Raymond Ltd’s move to sell its premium property ‘JK House’ in Mumbai to its promoters and their extended family will result in loss of over Rs 650 crore for the company and its shareholders, proxy advisory firm IiAS has said. Raymond stock came under huge selling pressure, plunging nearly 10 per cent in early trading session today following the IiAS warning. The stock, after making a weak opening, further plummeted 9.83 per cent to Rs 598.10 on BSE. Later, it recovered the losses and was trading at a per cent higher at Rs 669.50 in the afternoon.
“In its forthcoming AGM on 5 June 2017, Raymond has presented a resolution to make an offer to sell its premium real estate at throw-away rates to its promoters and their extended family. Should this transaction go through, IiAS estimates that it will result in an opportunity loss of over Rs 650 crore for the company and its shareholders,” IiAS said. It further said: “Raymond Ltd’s own valuation report states that the residential property is valued at Rs 1,17,000 per square foot (built up), putting a value on the entire transaction at Rs 7,100 crore”.
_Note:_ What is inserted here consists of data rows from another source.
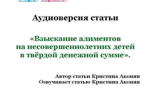Взыскание алиментов на несовершеннолетних детей в твёрдой денежной сумме
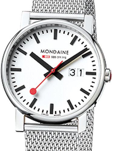 Mondaine Evo Swiss Railways quartz A627.30303.11SBM. Big 40mm size, Big Date, polished stainless steel case, white dial, steel mesh bracelet
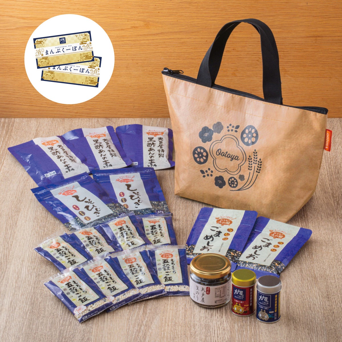 おうちでも大戸屋の味をお楽しみいただける人気のオリジナル商品や、全国の大戸屋ごはん処でご利用いただけるお得な「まんぷくーぽん」が入った、うれしい特典いっぱいの「大戸屋まんぷく袋」です。日本三大七味のひとつ"八幡屋礒五郎"とのコラボ七味は、2026年の干支をデザインした限定缶で登場。さらに今年は、新たに“小豆島産の海苔”を使用した「大戸屋 生のり佃煮」も仲間入りし、大戸屋のお弁当がぴったり入る「オリジナルお弁当バッグ」に詰め込みました。
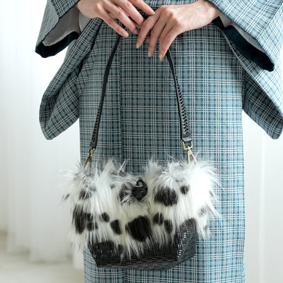 【ファー付2wayミニショルダーバッグ】かごバッグ 牛革×プレミアムリサイクル ブラック×ダルメシアン フェイクファー和装 カジュアル(2690607500)

It added: “Raymond, however, proposes to sell the property to the Singhania family factions for Rs 9,200 per square foot of carpet area – an over 90 per cent discount to market rates.” JK House is located at Breach Candy, Mumbai. Raymond spokesperson, in an email reply, said: “We adhere to the highest level of corporate governance. All relevant facts were put forth in the AGM notice to the shareholders much before any report was published, to take an informed decision. Needless to state that the promoters, being interested parties, will abstain from voting on this matter.”
IiAS said Raymond has spent Rs 270 crore — not including the cost of land — in rebuilding JK House. The proxy advisory firm recommends voting against this transaction. It also alleged that the company’s board has failed to protect the interests of the minority shareholders. “From the perspective of transparency and good governance, the board has failed in discharging its fiduciary responsibilities towards shareholders. The quality of board oversight at Raymond is of concern if the board is unable to separate the interests of the company and its promoters,” IiAS said.
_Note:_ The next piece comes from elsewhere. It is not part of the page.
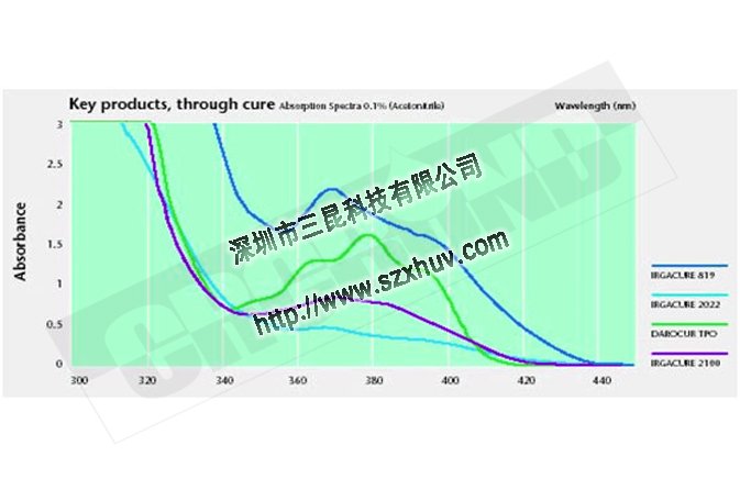 固化機(jī)理中,都是由光引發(fā)劑吸收紫外能量,產(chǎn)生活性基團(tuán),從而引發(fā)體系的聚合反應(yīng)。換句話說,光引發(fā)劑是否或者吸收哪些波段以及吸收了多少紫外能量,產(chǎn)生了多少活性基團(tuán),是UV膠是否固化,固化效果好不好的關(guān)鍵因素之一。下圖是幾種常見光引發(fā)劑的吸收光譜圖,可以看到不同引發(fā)劑在不同波段的吸收強(qiáng)度是有很大差異的。

It also questioned fairness of the company’s audit committee, whose members include Vijaypat Singhania, a direct beneficiary of the transaction. IiAS said Raymond’s shareholders must engage with the company and “seek the removal of promoters from the audit committee and the nomination and remuneration committee, and ask for both committees to be comprised only of independent directors.
“These measures will ensure that the committees are devoid of any potential conflict. They must also seek to separate the role of Chairperson and Managing Director, and push for a non-family Chairperson who can provide stronger oversight over the Singhania family, and one that can separate the interests of the company and its promoters.”